O governo Lula está estudando elevar as tarifas de importação sobre carros e aço a partir de 2026, com o objetivo dito pelo governo é de proteger a indústria brasileira diante da forte concorrência, especialmente chinesa, e captar cerca de R$ 14 bilhões para equilibrar as contas públicas no próximo ano. A proposta decorre do aumento expressivo das importações desses produtos no Brasil, que têm pressionado setores industriais locais.
Essa elevação tarifária deve impactar diretamente o custo dos automóveis e dos produtos que dependem do aço, como materiais da construção civil, provocando um aumento nos preços ao consumidor. A justificativa oficial para a medida é evitar a “enxurrada” de produtos importados vindos principalmente da China, que têm ganhado espaço no mercado brasileiro desde que os Estados Unidos aplicaram tarifas contra produtos chineses, forçando uma realocação da produção para outros países.

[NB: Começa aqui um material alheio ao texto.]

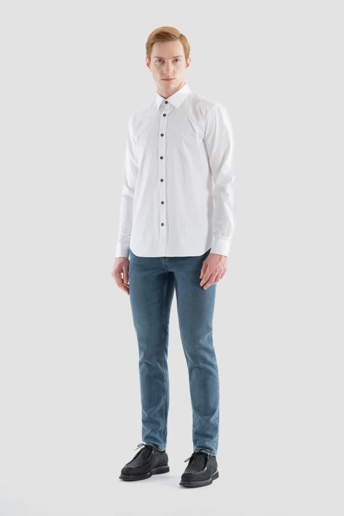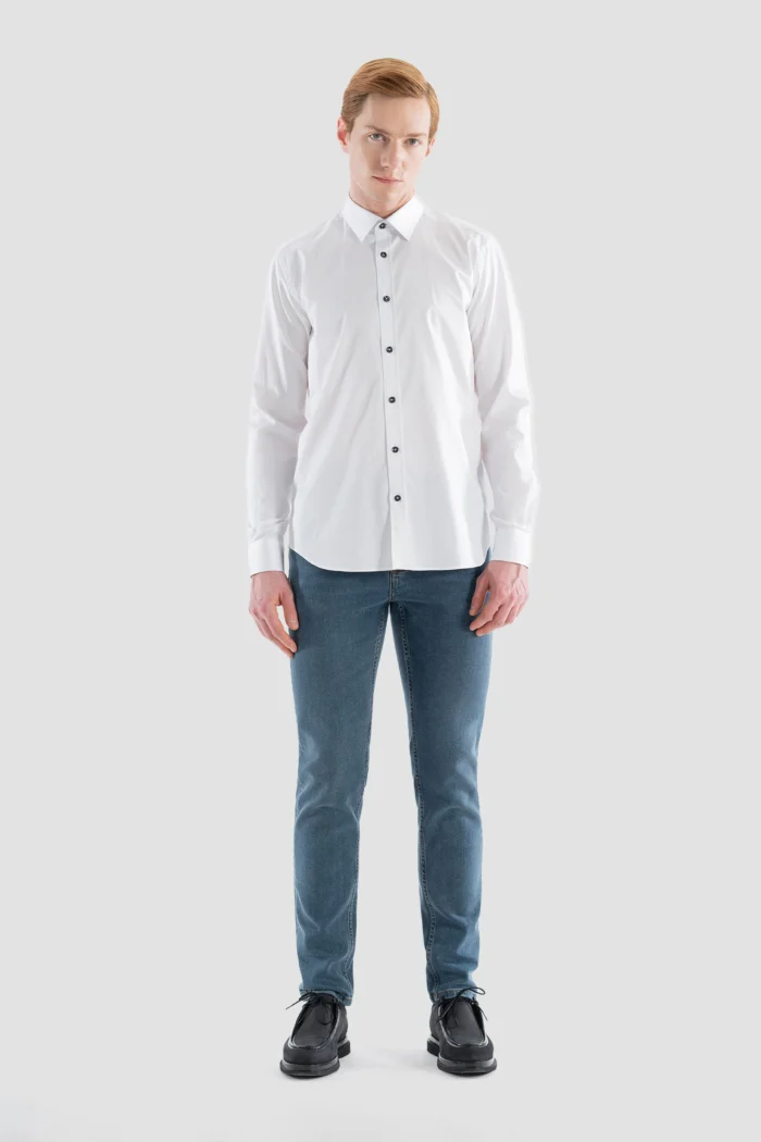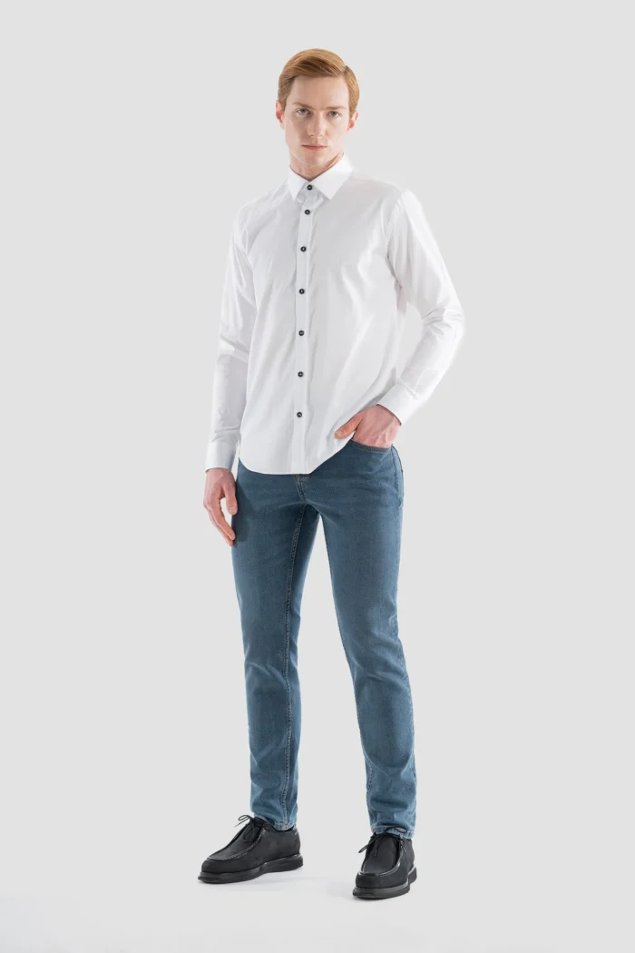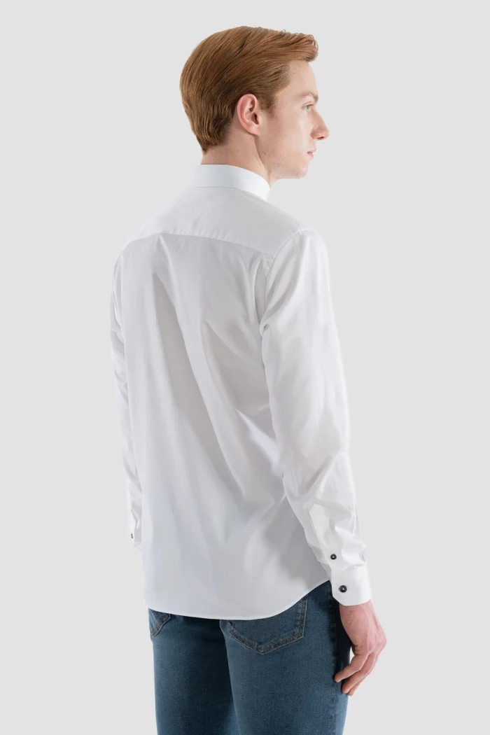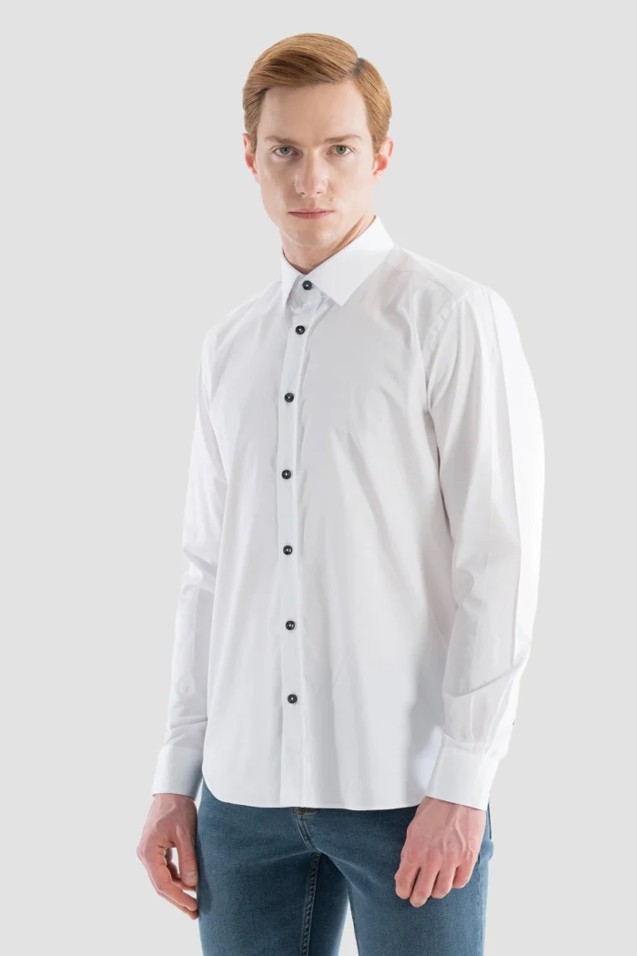 This classic white shirt is a timeless piece that every man should have in his wardrobe. It has a modern look with its cut, while black button details add elegance. This shirt, which is suitable for both business and casual elegance, offers comfort all day long thanks to its high-quality fabric. Whether you combine it with a suit or create a casual style with jeans, you will feel stylish and comfortable in any environment.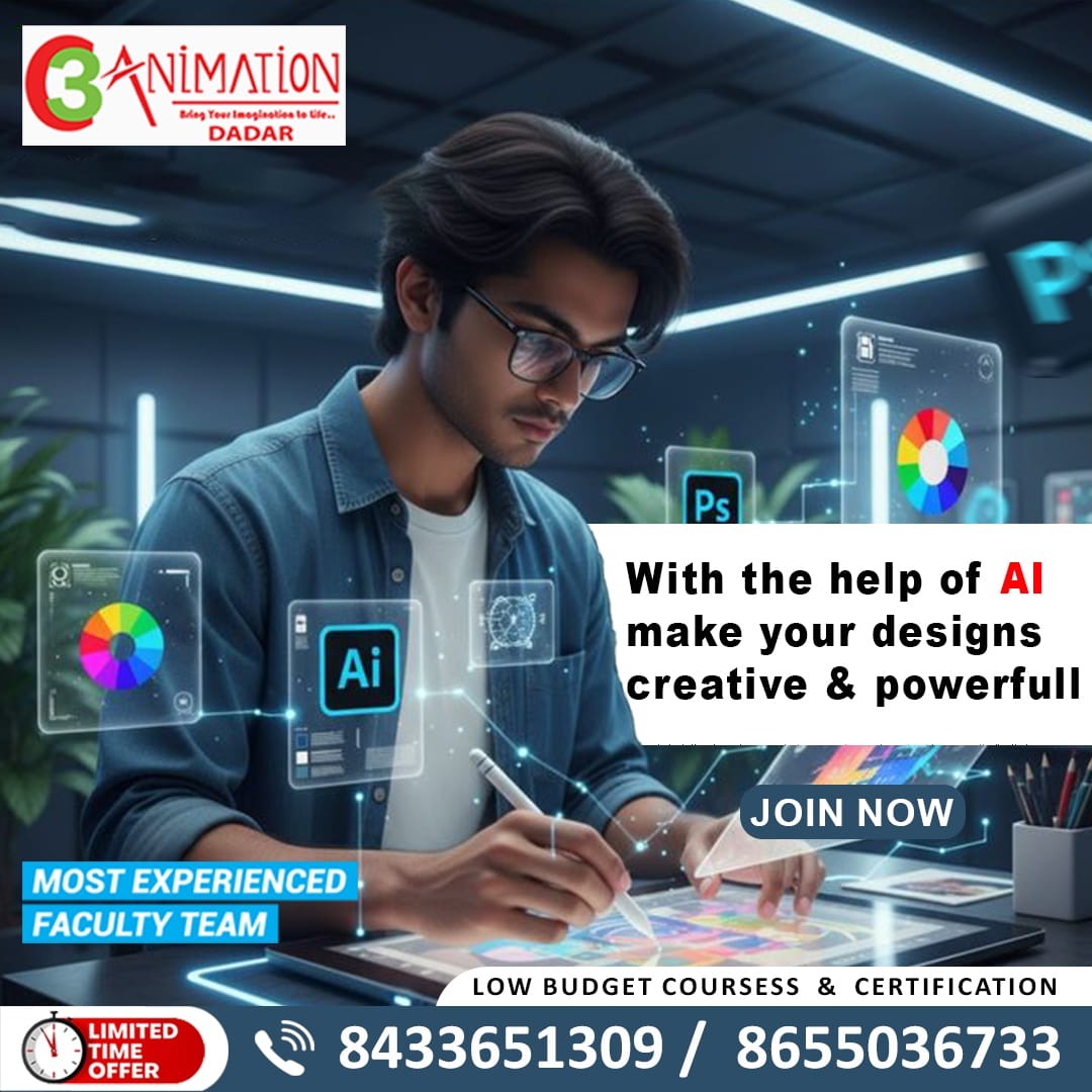 Upgrade your creative career with the *AI Course at C3 Animation Classes, Dadar. This industry-focused program is designed to help students, designers, and professionals learn how Artificial Intelligence is transforming animation, VFX, graphic design, and digital media. Get hands-on training with the latest AI tools, real-time projects, and expert guidance from experienced mentors. Whether you want to boost productivity, improve creativity, or stay ahead in the competitive creative industry, this course is perfect for you. Limited seats available with flexible batches and practical learning approach. Start your future-ready journey today. **Join now at C3 Animation Classes, Dadar, and learn AI the smart way.*
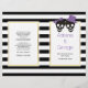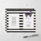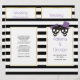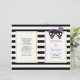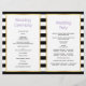 Skull couple with a purple bow the bride and purple hat the groom, and black and white stripes modern Halloween folded wedding ceremony and party program. There are white frames with gold outline with your text.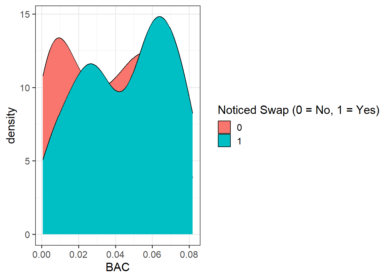 - Do you want BAC on the current scale, or could you transform it somehow? Consider that instead of the coefficient representing the difference when moving from 0% to 1% BAC (1% blood alcohol is fatal!), we might want to have the difference associated with 0% to 0.01% BAC (i.e, a we want to talk about effects in terms of changing 1/100th of a percentage of BAC)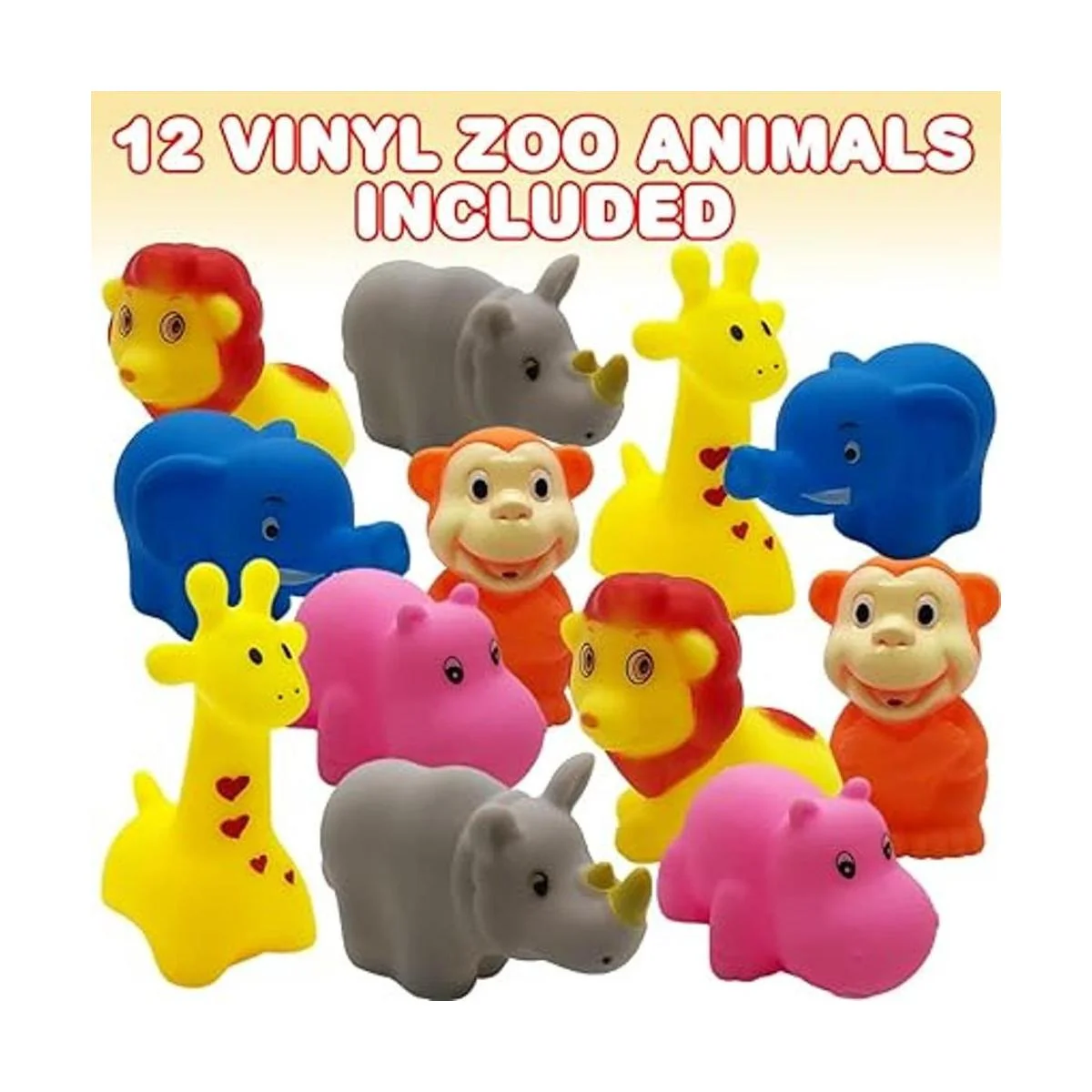 ArtCreativity Animales de vinilo para zoológico, paquete de 12 juguetes surtidos, recuerdos de fiesta de cumpleaños de safari para niños, divertidos juguetes de bañera y piscina para niños, ayudas de aprendizaje educativas para niños y niñas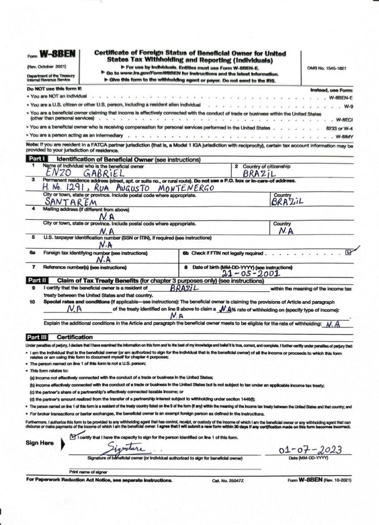 Sample W – 8BEN Form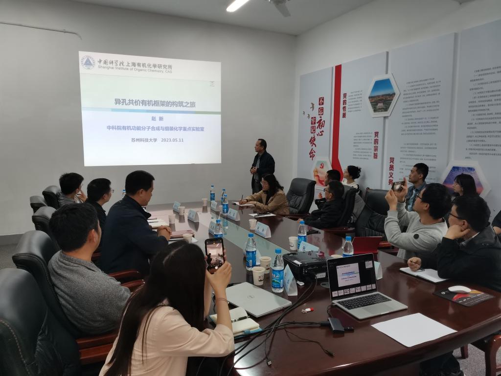 5月11日下午,應(yīng)永樂高131net和學(xué)??萍继幍难?qǐng),中國(guó)科學(xué)院上海有機(jī)化學(xué)研究所趙新研究員在教三樓B220做了題為《異孔共價(jià)有機(jī)框架的構(gòu)筑之旅》的專題學(xué)術(shù)報(bào)告,公司相關(guān)專業(yè)的師生聆聽了報(bào)告和講座。講座由叢春秋書記主持,李良智經(jīng)理參加報(bào)告會(huì)。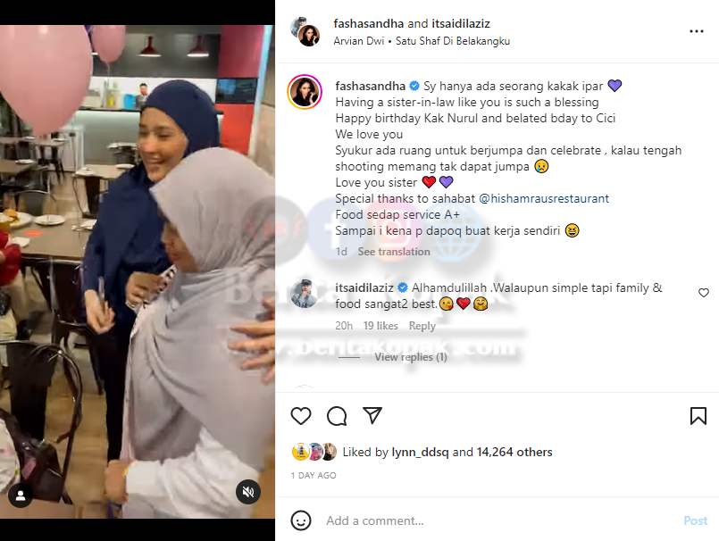 Perkongsian video ini telah menerima lebih 13 ribu tanda suka daripada warganet sejak ia dimuatnaik. Seronok melihat kemesraan Fasha bersama keluarga mertuanya dan sambutan hari lahir yang nampak meriah.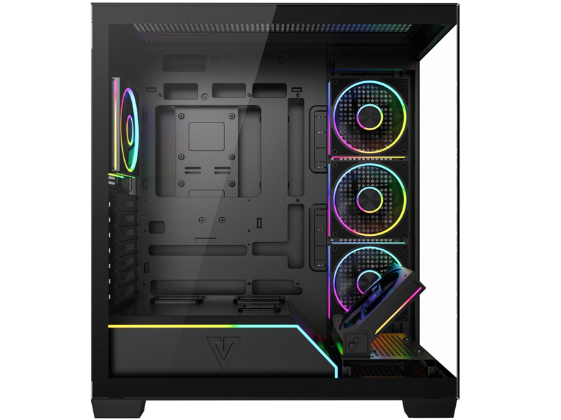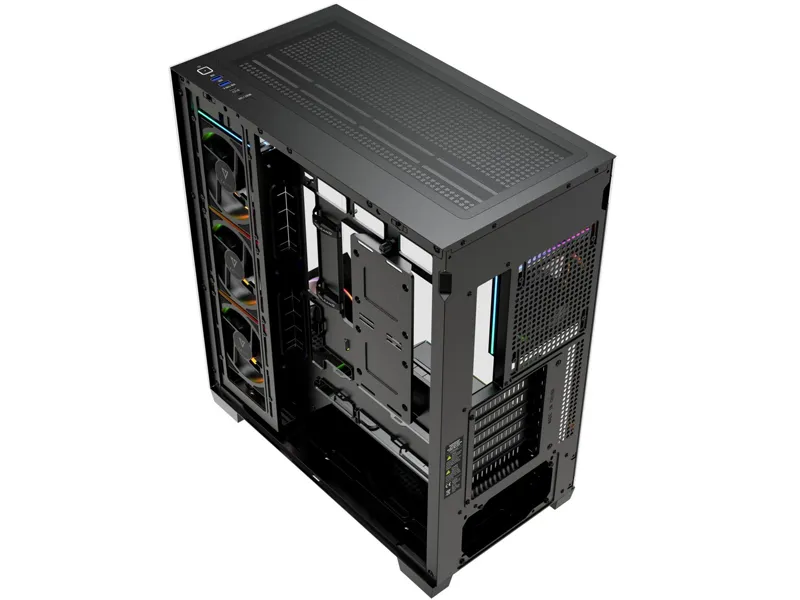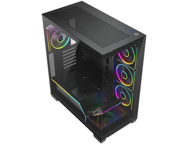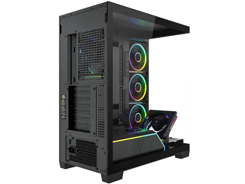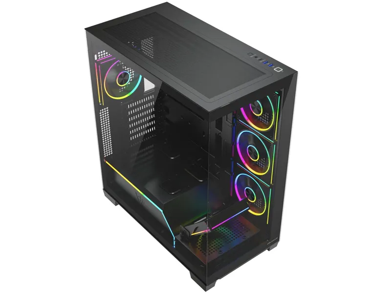 Model Stellar Plus ARGB 5F oferuje fabrycznie zainstalowane trzy wentylatory 120 mm, zapewniające wydajne i ciche chłodzenie już od pierwszego uruchomienia. Możliwość montażu łącznie pięciu wentylatorów oraz kompatybilność z radiatorami 120/240/280/360 mm pozwala budować rozbudowane systemy chłodzenia wodnego. Dzięki zintegrowanemu podświetleniu ARGB całość zyskuje efektowny, nowoczesny wygląd idealny do gamingowego stanowiska. Przemyślana cyrkulacja powietrza gwarantuje stabilną pracę nawet najmocniejszych komponentów. To obudowa, która łączy funkcjonalność z widowiskowym stylem.
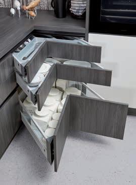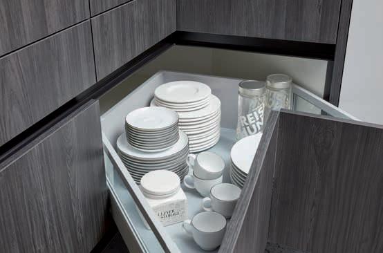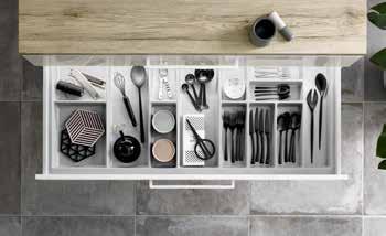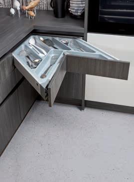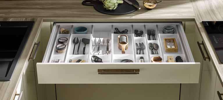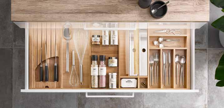 Of het nu gaat om het messenblok, ruimte voor kruiden of voor de 1000 andere dingen die het koken aangenamer maken: onze interieuruitrusting past zich aan uw wensen aan. Ze zijn verkrijgbaar in verschillende afmetingen en, op verzoek, met modulaire indeling op maat. Van echt hout of hoogwaardige kunststof.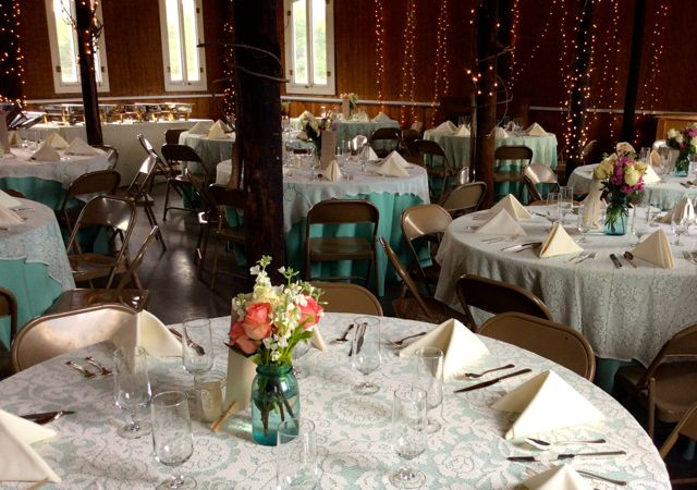Snipes Farm, once a thriving dairy farm in Orange County dating back from the 1940s, was the perfect venue for their party. Mary chose a soft sea foam color for the dining table linens and the collection of vintage lace overlays from Southern Vintage Table created the delicate, vintage look. With floral help from friends Florence and Ennis, table centerpieces were artfully arranged in vintage blue and clear Mason jars with an assortment of roses, Mary’s favorite, and other colorful flowers. The end result was simply gorgeous!
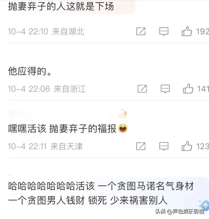 对于这个男子的控诉,大部分网友并没有对他表达出同情之情,相反只是对他进行各种吐槽。网友认为这名男子完全自食其果,他的结局也是自己选择的结果,因为他不顾家庭抛弃妻子和孩子。这种背离家庭责任的行为被认为是不道德和不负责任的表现。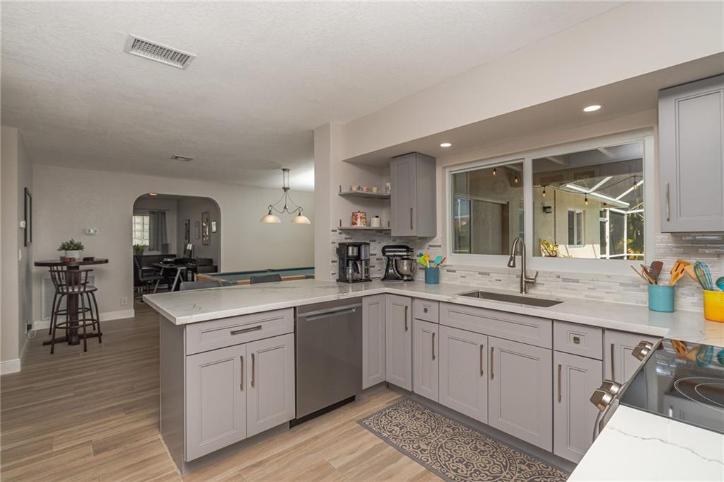 Outside deceiving, inside believing! ON a scale from 1 to 10 this is a 12! From the moment you enter you are greeted with vaulted ceilings and lots of natural sunlight. This spectacular home is upgraded to the max with the highest quality finishes. The kitchen boasts gorgeous solid wood gray cabinetry with stunning quartz counters, stainless steel appliances, high hat lighting and no popcorn ceilings! Need an office/den you have that too. Main living areas have porcelain plank tiles, and newer windows throughout the home. New roof June 2020. Did I mention the oversized roofed and screened pool and patio, perfect for entertaining and celebrating! Walk to the Hiatus Greenway that connects to Markham Park. No HOA!

Dados apontam que as importações de aço devem crescer mais de 30% em 2025, exatamente em um momento em que a produção nacional está em queda. No setor automotivo, 62% dos carros importados para o Brasil já são chineses, o que levou as montadoras brasileiras a pedirem a recomposição da tarifa para 35%, alegando concorrência desleal. O presidente Lula percebeu nesse cenário uma oportunidade para, simultaneamente, proteger as empresas nacionais e enfrentar o desafio fiscal. O governo projeta fechar 2025 com déficit de aproximadamente R$ 70 bilhões e tem como meta reverter essa situação para gerar superávit de 0,25% do PIB, cerca de R$ 34 bilhões, em 2026.
Para alcançar esse objetivo, medidas como o aumento das tarifas de importação serviriam para aumentar a arrecadação e reduzir a dependência industrial do exterior. O governo avalia que a solução tributária pode ser um caminho para fortalecer o caixa público sem abrir mão da proteção industrial.